I think it's simply a French loan. My personal opinion is that Turkish has borrowed many words (popular internationalisms and others) as close phonetically as possible to the respective French words and written according to the Turkish orthography, which is almost completely phonetical.


----------



## Rallino

Orlin said:


> I think it's simply a French loan. My personal opinion is that Turkish has borrowed many words (popular internationalisms and others) as close phonetically as possible to the respective French words and written according to the Turkish orthography, which is almost completely phonetical.



Yes, I was being sarcastic there.


----------



## ThomasK

Anyone able to comment on the meaning of the following (from the other thread) ? 

- Hebrew: *שביתה *(_shvita_), f. 
- Arab =هجمة (hagma)


----------



## catlady60

rusita preciosa said:


> Just wanted to add that *ударить* means "to hit / to smack" rather than 'to go on strike".
> The verb for "to go on strike" is *бастовать* /bastovat'/


That's exactly what we need to do to some of those greedy bosses, Rusita: smack them over the heads!


----------



## Maroseika

One more Russian word for a strike - *стачка*.

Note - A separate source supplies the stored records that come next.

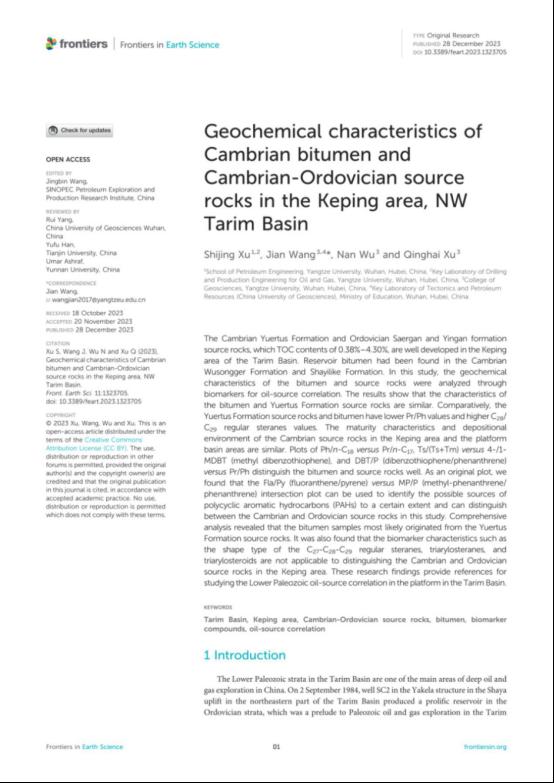 太阳成tyc33455ccwww王健在《Frontiers in Earth Science》发表题为“Geochemical characteristics of Cambrian bitumen and Cambrian-Ordovician source rocks in the Keping area, NW Tarim Basin”的研究论文。太阳成tyc33455ccwww为论文第一署名单位,教师王健为通讯作者。
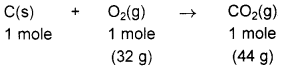12 g of carbon reacts with 32 g of oxygen to form 44g of carbon dioxide.
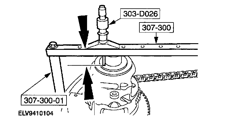 1. Install pin to hold special tool in place.

Its etymology is not very clear. It maybe from Russian стакнуться - to agree (about a strike) < стакать < такать - to say *так *('yes'), i.e. to arrange for, to come to an agreement. 
Another version is a loan from English _staking_ or Dutch _staken_. 
Influence of tehse foreign words to Rusisan стакать is alos possible.


----------



## Yulan

Hi Thomask 

In Italian:

_Strike_ = _sciopero _
_To be on strike_ = s_cioperare _

From Latin "Ex-Operari": _ex _(outside, out from) - _operari_ (to work) meaning "to be out from any work activity" "to stop/cease any activity".

Ciao


----------



## jazyk

In Portuguese: greve, from French grève. Verbs: fazer greve (make strike), entrar em greve (enter into strike), estar em greve (to be in strike), all literal translations.


----------



## Angelo di fuoco

Orlin said:


> I'm not completely sure if this applies to Bulgarian стачка (n.), стачкувам (v.) = strike too. I had no idea about their etymology before reading this post.

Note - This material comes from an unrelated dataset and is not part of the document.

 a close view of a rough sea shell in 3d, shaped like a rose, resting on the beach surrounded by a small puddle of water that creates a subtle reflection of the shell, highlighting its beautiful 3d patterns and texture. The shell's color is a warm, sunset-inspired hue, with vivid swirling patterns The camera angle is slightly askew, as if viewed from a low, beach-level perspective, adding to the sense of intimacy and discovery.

That reminds me that we used to say стачка too, before the italianism became the more widely used expression.


----------



## ThomasK

Great additions, thanks !


----------



## Tamar

> Hebrew: שביתה (shvita), f.


*שביתה* is strike - the noun. The root is ש.ב.ת
The verb is *לשבות *[lishbot] - to go on strike, but originally it means to cease work. 
The best example is from the Old Testament where it is said that on the seventh day God ceased all (his) work -

"...*וישבת *ביום השביעי מכל מלאכתו אשר עשה" [va-*yishbot *ba-yom ha-shvi'i mi-kol melachto asher asa]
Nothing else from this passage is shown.